— Stored data —
───
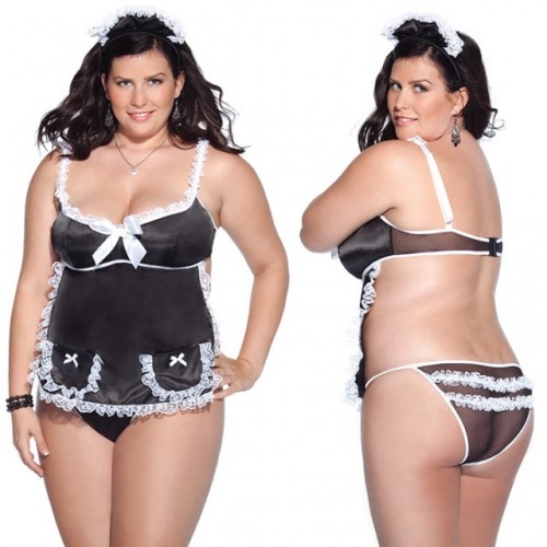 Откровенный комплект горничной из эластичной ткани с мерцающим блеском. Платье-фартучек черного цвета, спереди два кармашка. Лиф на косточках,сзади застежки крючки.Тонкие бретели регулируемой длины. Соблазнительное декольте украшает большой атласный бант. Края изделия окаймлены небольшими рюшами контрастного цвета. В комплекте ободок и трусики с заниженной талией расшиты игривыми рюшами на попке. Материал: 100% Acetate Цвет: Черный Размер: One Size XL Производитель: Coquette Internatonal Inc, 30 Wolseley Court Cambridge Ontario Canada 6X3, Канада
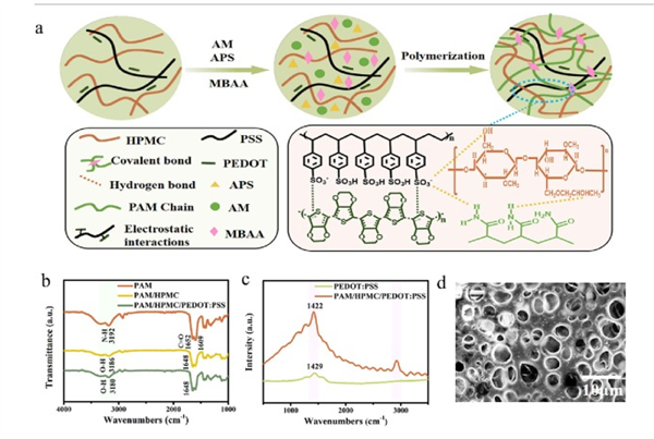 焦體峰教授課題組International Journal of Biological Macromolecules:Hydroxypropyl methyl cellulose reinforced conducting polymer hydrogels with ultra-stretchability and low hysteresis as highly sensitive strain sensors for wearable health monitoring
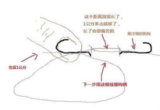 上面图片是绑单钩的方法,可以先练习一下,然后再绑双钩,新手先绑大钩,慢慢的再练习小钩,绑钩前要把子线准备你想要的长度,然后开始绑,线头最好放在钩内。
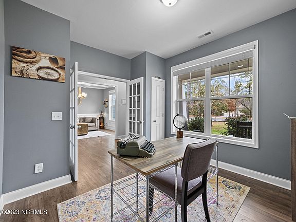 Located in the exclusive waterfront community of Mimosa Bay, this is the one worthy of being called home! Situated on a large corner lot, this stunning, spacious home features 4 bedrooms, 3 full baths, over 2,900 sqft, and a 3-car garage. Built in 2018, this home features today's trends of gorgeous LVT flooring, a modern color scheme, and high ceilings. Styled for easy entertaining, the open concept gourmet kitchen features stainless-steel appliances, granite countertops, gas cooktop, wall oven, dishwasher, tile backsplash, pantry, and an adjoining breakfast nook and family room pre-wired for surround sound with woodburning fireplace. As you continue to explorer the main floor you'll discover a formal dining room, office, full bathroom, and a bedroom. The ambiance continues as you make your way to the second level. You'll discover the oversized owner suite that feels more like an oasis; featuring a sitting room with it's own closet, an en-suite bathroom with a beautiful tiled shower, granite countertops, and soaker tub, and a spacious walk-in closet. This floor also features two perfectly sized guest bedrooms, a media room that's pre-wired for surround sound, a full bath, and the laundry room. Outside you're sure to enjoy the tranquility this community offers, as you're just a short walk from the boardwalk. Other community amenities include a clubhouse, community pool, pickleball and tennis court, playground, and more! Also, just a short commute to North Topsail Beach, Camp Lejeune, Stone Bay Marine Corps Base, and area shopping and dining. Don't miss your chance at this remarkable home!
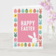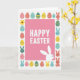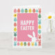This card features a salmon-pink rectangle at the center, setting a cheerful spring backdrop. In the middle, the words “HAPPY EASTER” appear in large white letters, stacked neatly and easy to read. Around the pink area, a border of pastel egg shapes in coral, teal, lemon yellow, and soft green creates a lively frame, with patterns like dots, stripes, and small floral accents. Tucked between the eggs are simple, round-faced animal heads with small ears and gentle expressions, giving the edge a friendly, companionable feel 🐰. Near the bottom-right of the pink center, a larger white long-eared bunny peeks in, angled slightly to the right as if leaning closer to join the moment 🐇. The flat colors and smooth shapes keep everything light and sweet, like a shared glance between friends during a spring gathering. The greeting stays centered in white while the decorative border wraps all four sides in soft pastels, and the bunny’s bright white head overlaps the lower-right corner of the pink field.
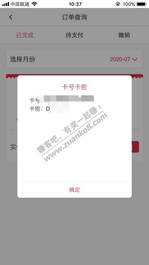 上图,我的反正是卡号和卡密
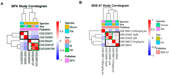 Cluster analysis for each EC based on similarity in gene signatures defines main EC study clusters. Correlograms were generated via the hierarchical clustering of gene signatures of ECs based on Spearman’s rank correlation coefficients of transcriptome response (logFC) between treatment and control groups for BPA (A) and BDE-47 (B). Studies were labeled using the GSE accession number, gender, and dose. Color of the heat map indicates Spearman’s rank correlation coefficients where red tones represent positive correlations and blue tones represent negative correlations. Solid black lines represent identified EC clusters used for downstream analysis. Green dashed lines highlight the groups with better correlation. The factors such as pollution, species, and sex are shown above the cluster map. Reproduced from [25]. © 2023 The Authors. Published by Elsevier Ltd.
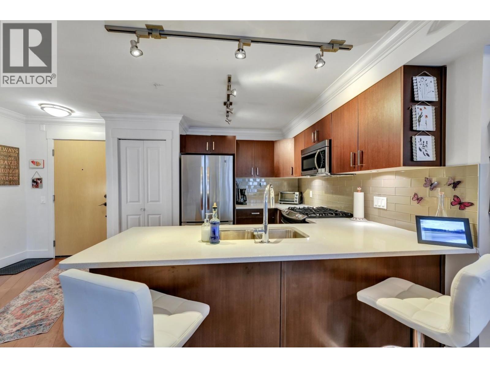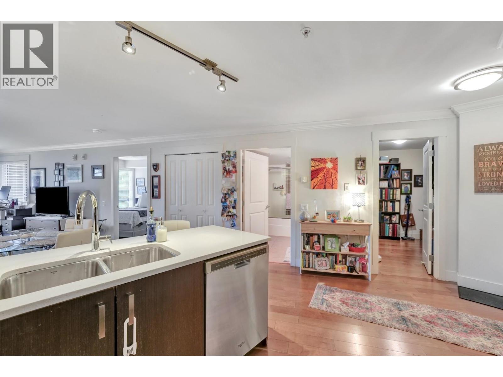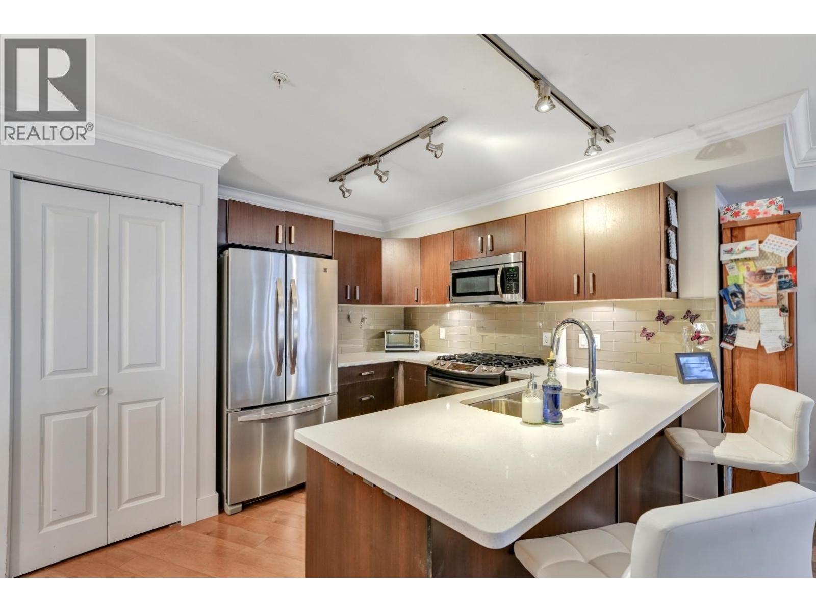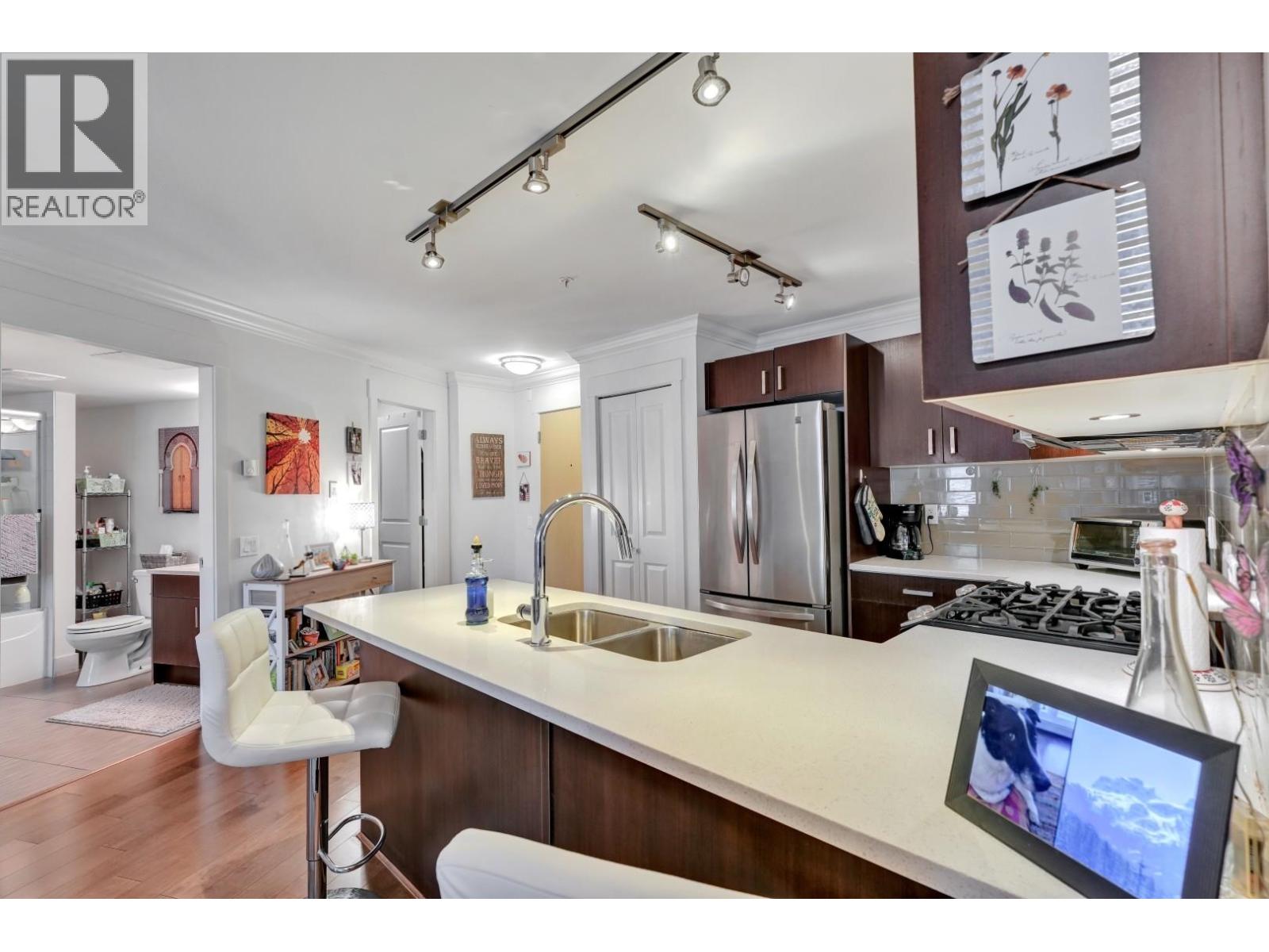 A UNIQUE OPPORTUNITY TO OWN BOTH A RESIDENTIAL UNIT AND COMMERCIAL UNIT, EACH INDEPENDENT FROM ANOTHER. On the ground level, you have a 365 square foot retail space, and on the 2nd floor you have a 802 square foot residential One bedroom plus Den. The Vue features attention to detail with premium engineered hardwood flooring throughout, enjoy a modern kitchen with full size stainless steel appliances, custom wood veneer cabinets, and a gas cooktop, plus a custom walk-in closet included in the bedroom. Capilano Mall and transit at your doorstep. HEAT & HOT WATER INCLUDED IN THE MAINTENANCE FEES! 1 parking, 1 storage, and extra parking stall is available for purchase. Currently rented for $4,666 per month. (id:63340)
───
— WHAT THIS TASK INVOLVES —
When you reach the line that contains "上图,我的反正是卡号和卡密" in the records above, copy it and every line after it exactly through the last one, leaving out the pictures.

— RESULT —
 上图,我的反正是卡号和卡密
 Cluster analysis for each EC based on similarity in gene signatures defines main EC study clusters. Correlograms were generated via the hierarchical clustering of gene signatures of ECs based on Spearman’s rank correlation coefficients of transcriptome response (logFC) between treatment and control groups for BPA (A) and BDE-47 (B). Studies were labeled using the GSE accession number, gender, and dose. Color of the heat map indicates Spearman’s rank correlation coefficients where red tones represent positive correlations and blue tones represent negative correlations. Solid black lines represent identified EC clusters used for downstream analysis. Green dashed lines highlight the groups with better correlation. The factors such as pollution, species, and sex are shown above the cluster map. Reproduced from [25]. © 2023 The Authors. Published by Elsevier Ltd.
 A UNIQUE OPPORTUNITY TO OWN BOTH A RESIDENTIAL UNIT AND COMMERCIAL UNIT, EACH INDEPENDENT FROM ANOTHER. On the ground level, you have a 365 square foot retail space, and on the 2nd floor you have a 802 square foot residential One bedroom plus Den. The Vue features attention to detail with premium engineered hardwood flooring throughout, enjoy a modern kitchen with full size stainless steel appliances, custom wood veneer cabinets, and a gas cooktop, plus a custom walk-in closet included in the bedroom. Capilano Mall and transit at your doorstep. HEAT & HOT WATER INCLUDED IN THE MAINTENANCE FEES! 1 parking, 1 storage, and extra parking stall is available for purchase. Currently rented for $4,666 per month. (id:63340)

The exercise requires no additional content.